Еще несколько минут я потратил на устранение всех следов моего пребывания в квартире Эпплингов. Я задремал в резиновых перчатках, и пальцы были влажными и липкими. Я снял перчатки, вымыл и высушил руки, протер перчатки изнутри, снова надел их. Поправил здесь, расправил там, задернул шторы, передвинул кресло на место, затем снял трубку, нашел номер Ондердонка в телефонной книжке, чтоб убедиться, что набираю правильно. Набрал, выждал двенадцать гудков. Затем включил и выключил настольную лампу, единственную, которую зажигал, вышел из квартиры, запер за собой дверь и протер дверную ручку, а также кнопку звонка. Затем торопливо вышел на лестницу и поднялся на четыре пролета, на шестнадцатый этаж. Проверил, пусто ли в холле, подошел к двери Ондердонка и позвонил. Выждал на всякий случай несколько секунд, лихорадочно вознося про себя молитву святому Дисмасу, покровителю взломщиков. На то, чтобы разобраться с четырехцилиндровым замком системы «Сигал», ушло не больше времени, чем на добавление молока к мюсли на кухне Эпплингов.

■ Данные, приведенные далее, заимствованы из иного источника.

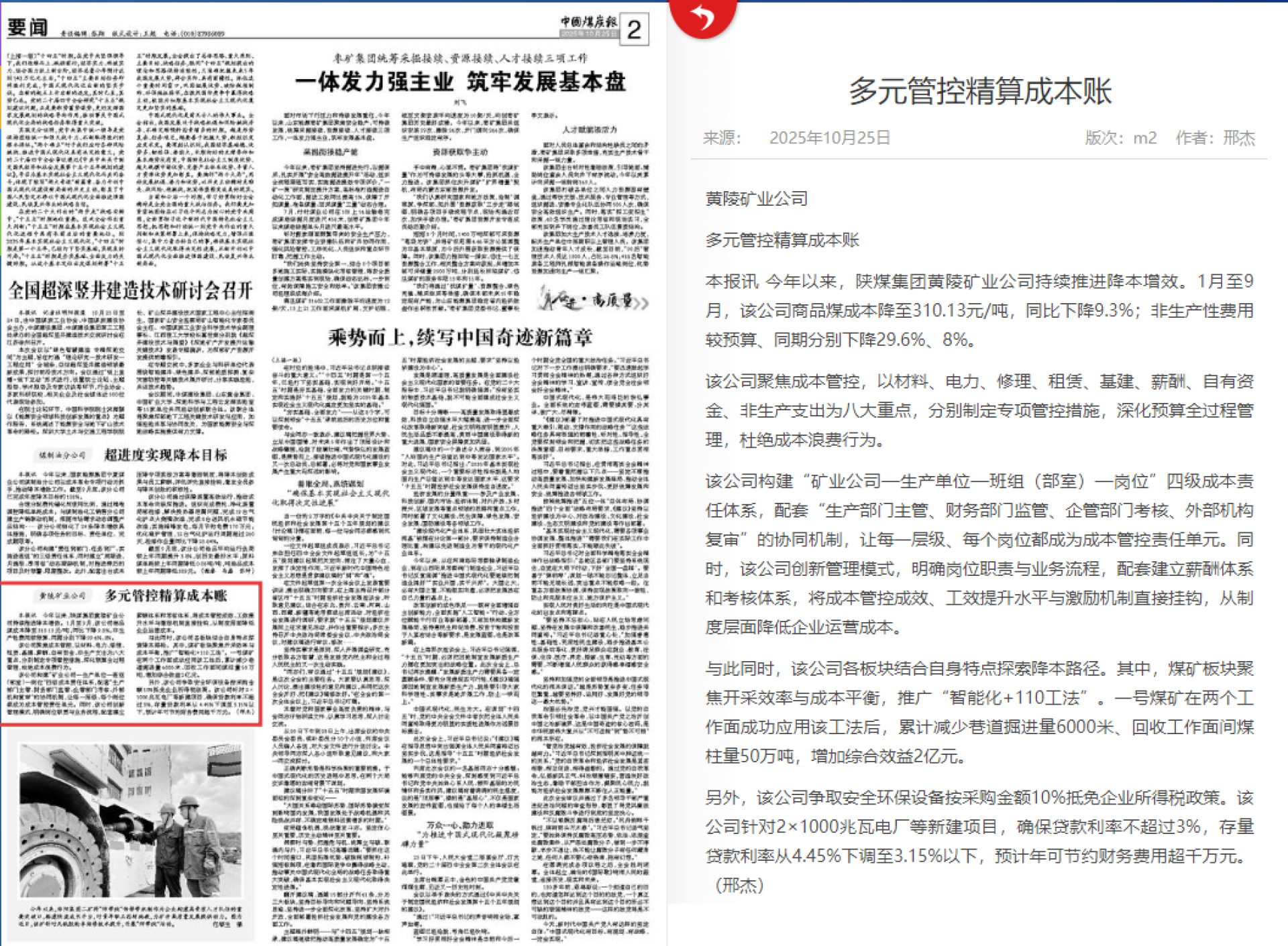 中国煤炭报 | 黄陵矿业公司多元管控精算成本账

Внутри стояла тьма. Я шагнул через порог, тихо затворил за собой дверь, глубоко втянул воздух всей грудью и стал ждать, пока глаза привыкнут к темноте. Опустил кольцо с инструментами в карман, нашарил фонарик. Перчатки были уже на мне — я решил не снимать их ради быстрой пробежки по лестнице. Пытался сориентироваться в темноте, приподнял руку с фонариком и направил туда, где, по моим предположениям, должен был находиться камин. И включил его.
Камин оказался на месте. Над ним простиралось белое пустое пространство. Подобное тому, что привиделось мне на полу у Эпплингов, перед тем как оно начало затягиваться сеткой из тонких черных линий. Но где теперь эти черные линии? Где прямоугольники красного, синего и желтого цветов?
И вообще, где же сама картина? Где ее рамочка из алюминиевых планок? И почему над камином у Ондердонка в гостиной всего лишь голая белая стена?..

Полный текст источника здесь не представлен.